What the task asks: Copy word for word the lines in the records below, starting at the line with "今日は金曜日なので、放課後に" and ending at the line with "14-mesečni bokser Fiđi". Skip the pictures.

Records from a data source

- - - - -

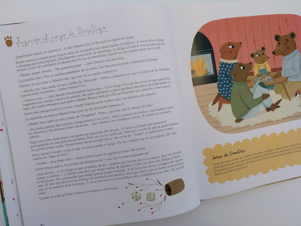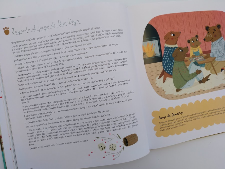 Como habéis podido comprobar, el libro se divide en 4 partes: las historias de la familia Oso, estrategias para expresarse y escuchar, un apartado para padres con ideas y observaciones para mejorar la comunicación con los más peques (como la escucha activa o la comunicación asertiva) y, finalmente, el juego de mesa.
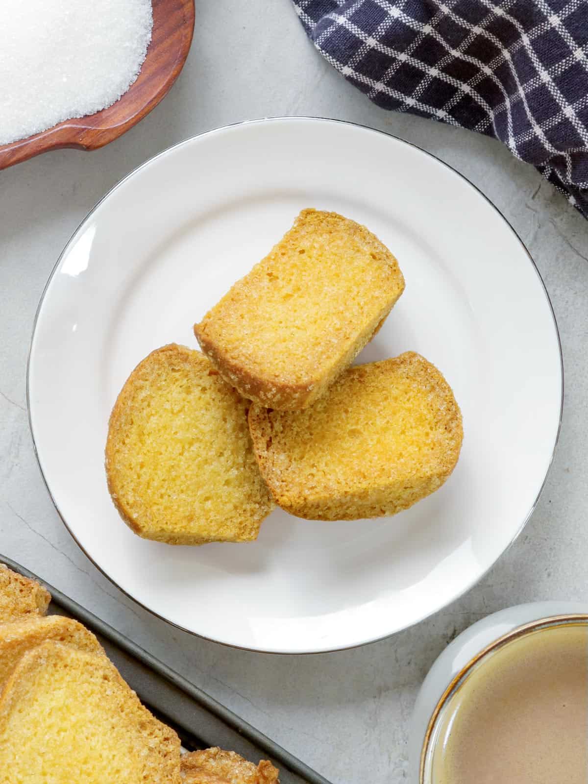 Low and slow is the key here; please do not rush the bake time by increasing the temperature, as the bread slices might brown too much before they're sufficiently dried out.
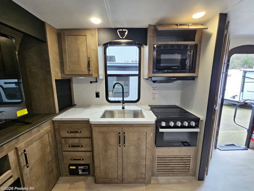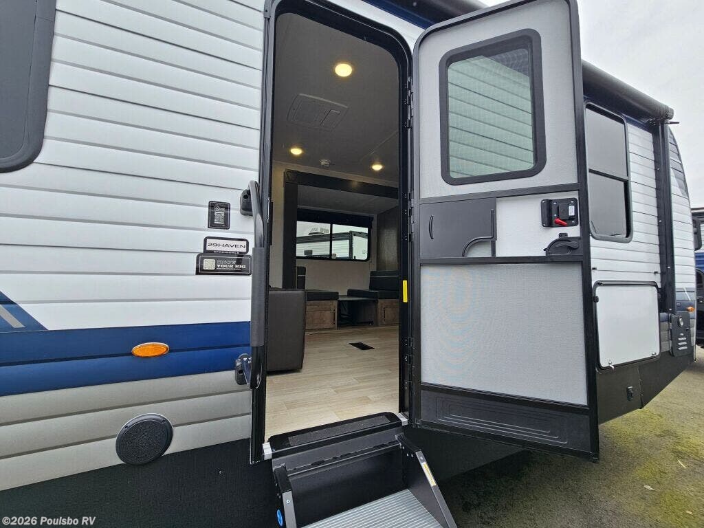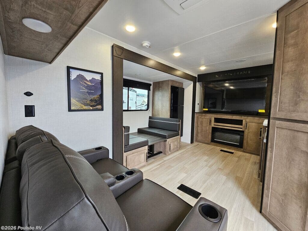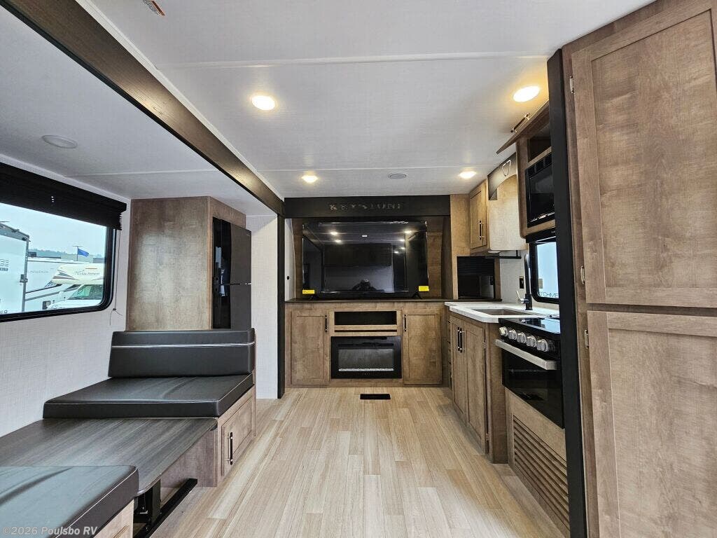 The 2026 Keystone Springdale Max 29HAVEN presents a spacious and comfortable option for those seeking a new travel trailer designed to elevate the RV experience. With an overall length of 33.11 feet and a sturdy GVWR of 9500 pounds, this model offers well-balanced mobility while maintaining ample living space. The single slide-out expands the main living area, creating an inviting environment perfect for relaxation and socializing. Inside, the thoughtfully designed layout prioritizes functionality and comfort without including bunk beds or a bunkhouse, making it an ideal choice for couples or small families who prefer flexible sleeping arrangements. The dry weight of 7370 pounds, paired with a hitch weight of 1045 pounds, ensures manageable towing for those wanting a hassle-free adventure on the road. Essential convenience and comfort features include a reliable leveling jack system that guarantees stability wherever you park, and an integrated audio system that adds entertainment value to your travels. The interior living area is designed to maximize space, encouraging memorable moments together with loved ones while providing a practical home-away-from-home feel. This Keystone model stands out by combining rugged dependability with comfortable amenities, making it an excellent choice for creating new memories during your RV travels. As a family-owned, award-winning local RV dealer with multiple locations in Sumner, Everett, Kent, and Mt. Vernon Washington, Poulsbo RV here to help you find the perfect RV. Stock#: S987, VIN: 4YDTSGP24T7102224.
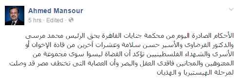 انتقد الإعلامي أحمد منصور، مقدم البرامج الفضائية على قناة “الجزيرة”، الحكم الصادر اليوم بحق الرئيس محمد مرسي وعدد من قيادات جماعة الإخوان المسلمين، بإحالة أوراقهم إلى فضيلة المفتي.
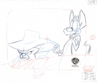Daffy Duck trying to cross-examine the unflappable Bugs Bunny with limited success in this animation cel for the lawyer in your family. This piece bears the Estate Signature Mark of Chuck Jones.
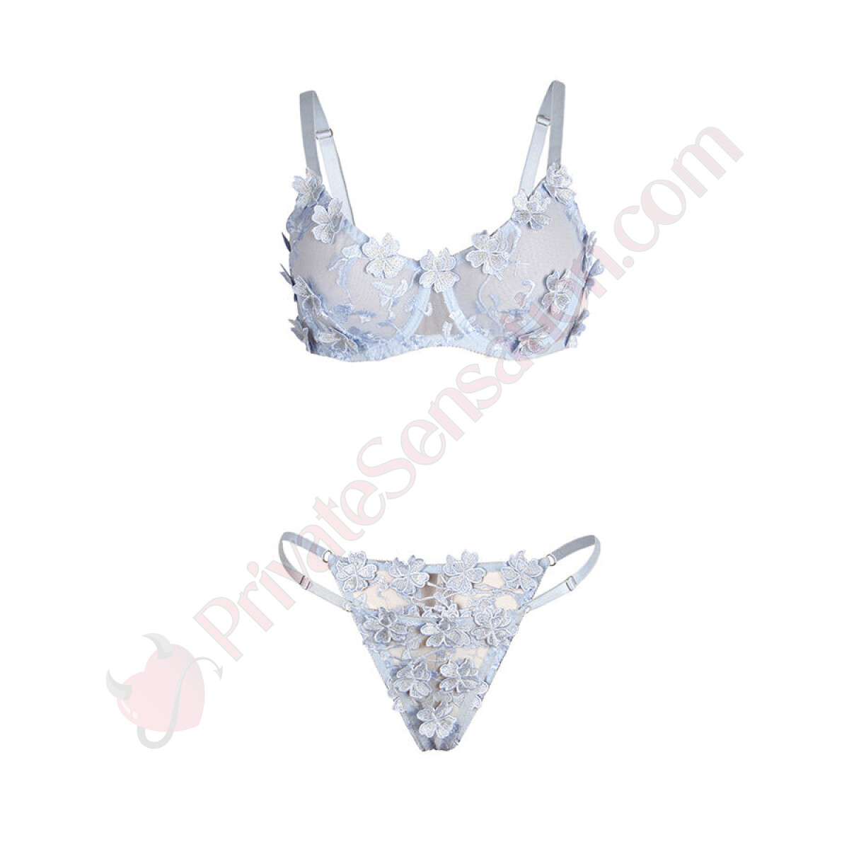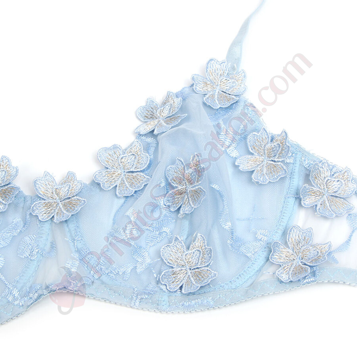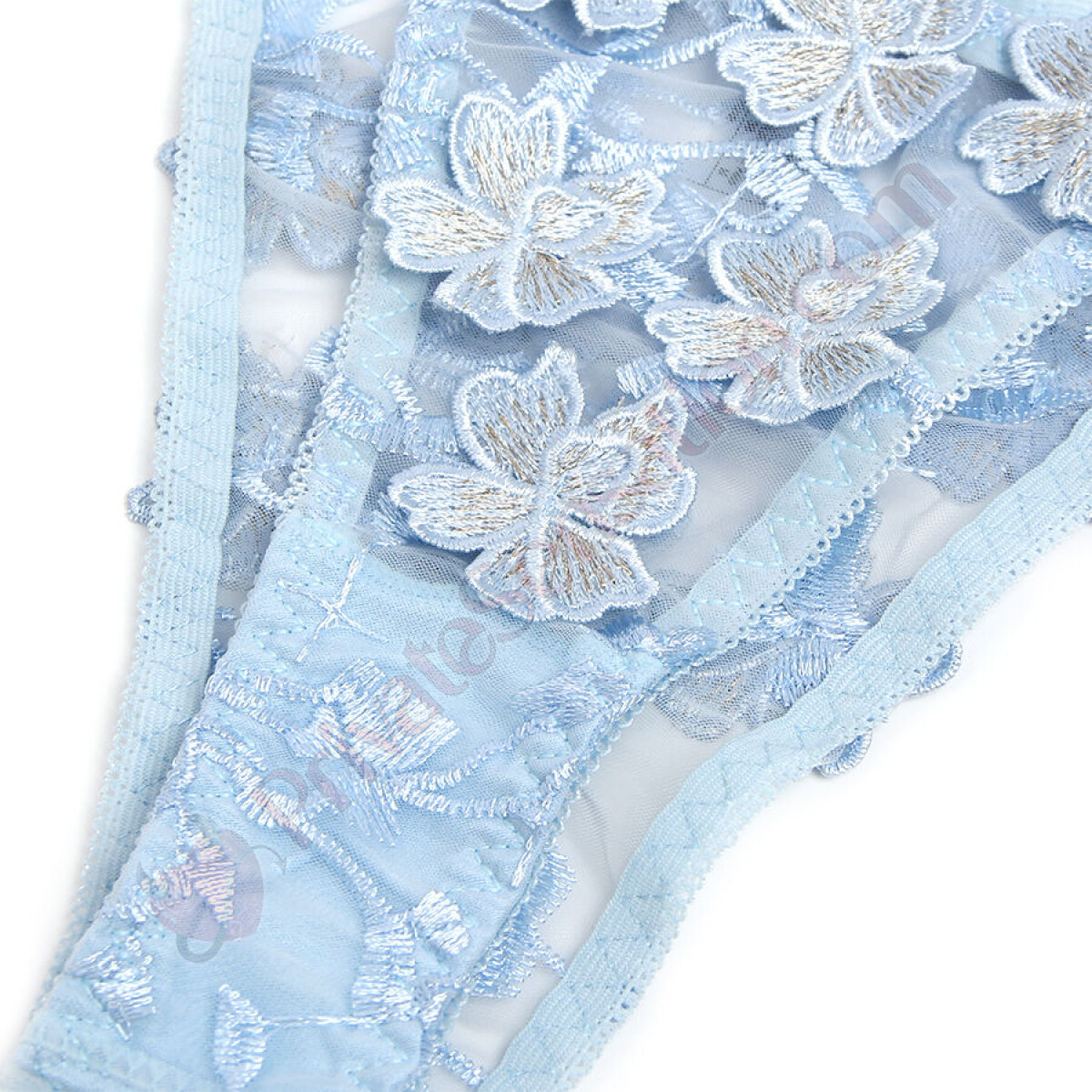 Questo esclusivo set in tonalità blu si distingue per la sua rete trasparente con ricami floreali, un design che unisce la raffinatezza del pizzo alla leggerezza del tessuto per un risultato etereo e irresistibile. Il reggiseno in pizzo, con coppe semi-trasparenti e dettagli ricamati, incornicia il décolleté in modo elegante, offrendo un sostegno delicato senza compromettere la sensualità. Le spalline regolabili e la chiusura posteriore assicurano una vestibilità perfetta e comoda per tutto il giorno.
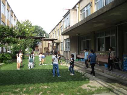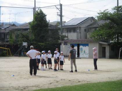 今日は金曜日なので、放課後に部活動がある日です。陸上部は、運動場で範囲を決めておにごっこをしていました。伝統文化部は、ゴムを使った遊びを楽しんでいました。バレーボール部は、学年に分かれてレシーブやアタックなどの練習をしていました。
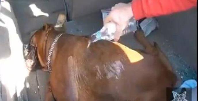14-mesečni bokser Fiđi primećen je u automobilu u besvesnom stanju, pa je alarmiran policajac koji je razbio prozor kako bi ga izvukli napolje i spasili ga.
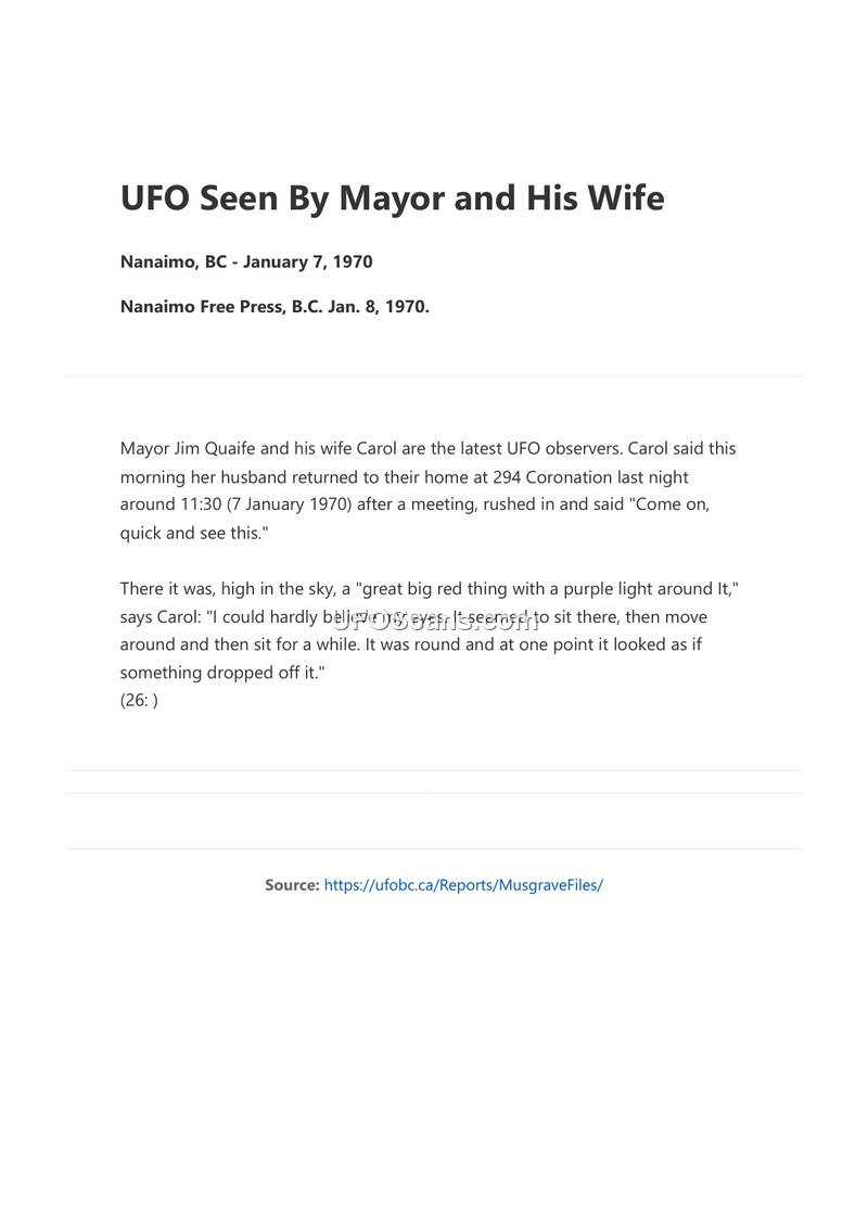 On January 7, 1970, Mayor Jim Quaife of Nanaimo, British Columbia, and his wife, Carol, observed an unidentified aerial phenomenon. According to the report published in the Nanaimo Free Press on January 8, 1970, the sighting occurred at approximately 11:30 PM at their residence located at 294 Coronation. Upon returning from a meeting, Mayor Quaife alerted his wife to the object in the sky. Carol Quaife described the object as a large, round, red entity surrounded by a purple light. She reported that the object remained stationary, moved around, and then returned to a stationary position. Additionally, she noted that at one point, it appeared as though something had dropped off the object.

- - - - -

Solution to this exercise:
 今日は金曜日なので、放課後に部活動がある日です。陸上部は、運動場で範囲を決めておにごっこをしていました。伝統文化部は、ゴムを使った遊びを楽しんでいました。バレーボール部は、学年に分かれてレシーブやアタックなどの練習をしていました。
14-mesečni bokser Fiđi primećen je u automobilu u besvesnom stanju, pa je alarmiran policajac koji je razbio prozor kako bi ga izvukli napolje i spasili ga.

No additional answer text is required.